But when you examine the relative qualities of semiconductor maker Micron Technology Inc. (MU - Get Report) and athletic shoe maker Nike Inc. (NKE - Get Report) , they are plenty alike in one particular respect: supply and demand. Or, if you want to distill it to the day-to-day: pricing and inventory -- either too little, which is the case of Micron, or too much, which is the story with Nike.
Last night Micron reported the kind of quarter people dream of, with year-over-year demand for semiconductors for mobile, storage and embedded demand-think cars and other Internet of Things products of 76%, 71% and 61%, respectively.
Nike? Demand was flat year over year.
Next year? Micron says that its businesses, storage and flash chips for the data center, for mobile phones and for IoT -- including games, artificial intelligence devices and autos -- will be moderately undersupplied, meaning there won't be much new capacity for these chips coming on line. In fact, Micron execs made it clear that this giant of a company would add no new excess capacity.
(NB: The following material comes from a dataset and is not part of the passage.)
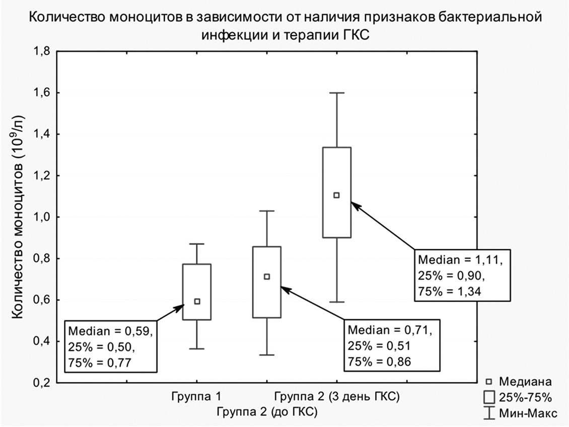 Сравнительная оценка показателей лейкоцитарной формулы между группами на 4-й день госпитализации не проводилась. Это связано с тем, что большей части пациентам 1-й группы также были назначены ГКС совместно с антибактериальной терапией, что оказывало непосредственное влияние на изменение параметров лейкоцитарной формулы. Следовательно, повышение абсолютного числа моноцитов в периферической крови при использовании ГКС может являться не только отличительным признаком стероид-индуцированного лейкоцитоза от ассоциированного c бактериальной ко-инфекцией, но и служить косвенным признаком эффективности терапии данными препаратами.

I see a plethora of new sneakers coming from everyone -- Nike, Under Armour (UA - Get Report) , Adidas -- despite the scandal, and despite increasing competition from completely online outfits like Allbirds, which make really cool sneakers for all occasions and don't even have a brick-and-mortar presence. Brick-and-mortar is the part of the business that Nike is hoping will save them from the sporting goods and sneaker store bust of incredible proportions. Good luck.
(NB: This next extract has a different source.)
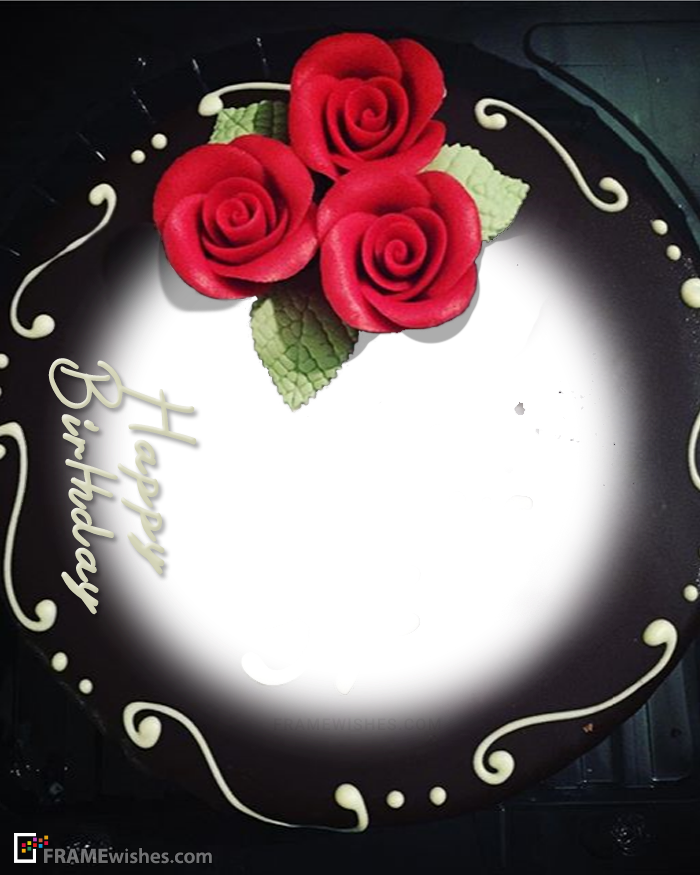Beautiful chocolate birthday cake with a red rose. Stick the photo whom you are going to say happy birthday. This will bring a smile to his or her face. Make birthday wishes cake with photo. Spread happiness and love.

It's worse: Demand for DRAMs and Flash will go higher because of the incredible desire to have higher-quality phones and better, bigger data centers, as well as autonomous driving and better games and PCs. So pricing, which is outrageous anyway, could go even higher.
At Nike, demand, at least in the U.S. seems tepid -- even as there is no doubt that China and Europe are strong. In contrast, there is no real excess of flash or memory chips in the pipeline. Sneakers seem over-inventoried to the point where you can find them in all sorts of different channels. I think my favorite remains the off-priced stores, like TJX Cos. (TJX - Get Report) , which is able to capitalize off of any excess in any store channel. Needless to say, the sneaker stores themselves discount to the point where it's impossible to maintain the same or growing prices for the highest-end Nikes, where the bread and butter margins used to come from.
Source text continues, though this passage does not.